Security Bug leads to Messenger Upgrades

Dennis Faas's picture

If you have signed into your Windows Live or MSN Messenger services lately, you may have had to upgrade. Microsoft is forcing its users to switch to the newest versions of its instant messaging programs due to a security threat with these systems. Although this upgrade will take place on a voluntary basis, those who do not modify their Windows Live or MSN Messenger services will not be able to sign in until they accept the new versions.

The services affected by the security vulnerability include versions 6.2, 7.0, and 7.5 of MSN Messenger, and version 8.0 of Windows Live Messenger. When the upgrade is completed, users who were running one of these affected versions will now have version 8.1 of Messenger.

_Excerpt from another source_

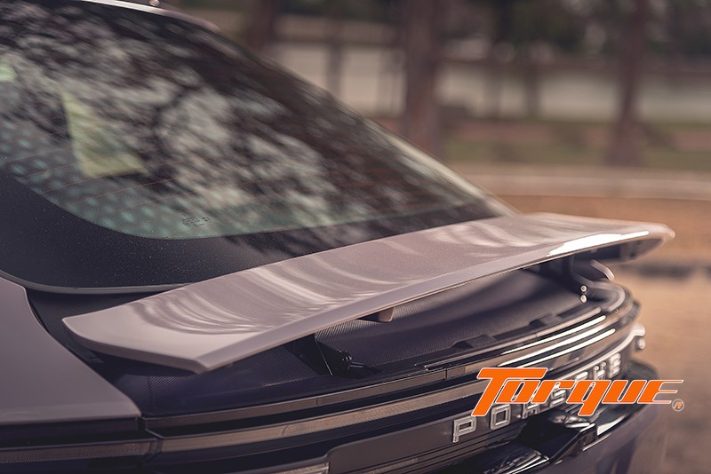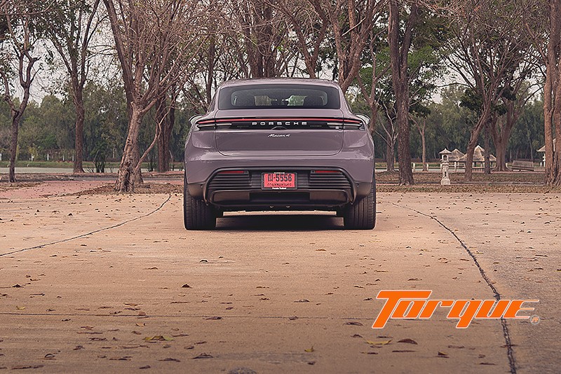 ชุดไฟท้ายดีไซน์ใหม่แบบ 3 มิติ มีแถบไฟคาดยาวตลอดความกว้างตัวรถตามสไตล์ Porsche รุ่นใหม่ และใช้ตัวอักษร ‘PORCHE’ ขนาดใหญ่ ขึ้นรูปแบบให้ดูคล้ายทำมาจากกระจกหนา ติดตั้งไว้กึ่งกลาง ถัดลงมาด้านล่างเป็นกล้องหลังที่ติดตั้งกลมกลืนลงตัวกับกรอบไฟท้ายสีดำ เมื่อเปิดฝาท้ายจะพบกับพื้นที่เก็บของขนาดใหญ่ถึง 540 ลิตร และเพิ่มเป็น 1,348 ลิตร หากพับเบาะหลังร่วมด้วย ในขณะที่ช่องเก็บของใต้ฝากระโปรงหน้าจุได้อีก 84 ลิตร… ทั้งฝาท้ายและหน้าสามารถเปิดได้ด้วยไฟฟ้าจากปุ่มที่ติดตั้งรวมอยู่กับปุ่มกระจกหน้าต่างฝั่งผู้ขับ

Clients accustomed to their old versions have directed their anger towards Microsoft. As well, those using MSN Messenger are hesitant to switch to the more complex Windows Live service. However, the company is certain that the upgrade will be in the best interest of its users. As confirmed by a security product manager at Microsoft, "Some of you might feel this inconvenient, but in order to protect you and protect the health of the network, we have chosen to take this step." (Source:

If Microsoft's statement has not convinced you to upgrade, consider the risks associated with the security bug. It is a publicly disclosed vulnerability that has the potential to allow remote code execution when a user accepts a webcam or video chat from an attacker. If an attacker successfully manipulates its victim PC, it could take complete control of the affected system. Computers with the aforementioned versions of MSN and Live Messenger are at high risk of encountering the bug. On the other hand, users whose accounts are configured to have fewer user rights on the system may be less affected. (Source:

Still mad about the fact that Microsoft is forcing you to voluntarily upgrade your instant messaging program? Microsoft users are not the only angry web users. Several months ago, AOL Instant Messenger insisted that its users upgrade from AIM 6.0 to 6.1. In the end though, the user has the final choice: Either upgrade now and continue your keyboard generated conversations, or upgrade later and talk to your contacts on the phone.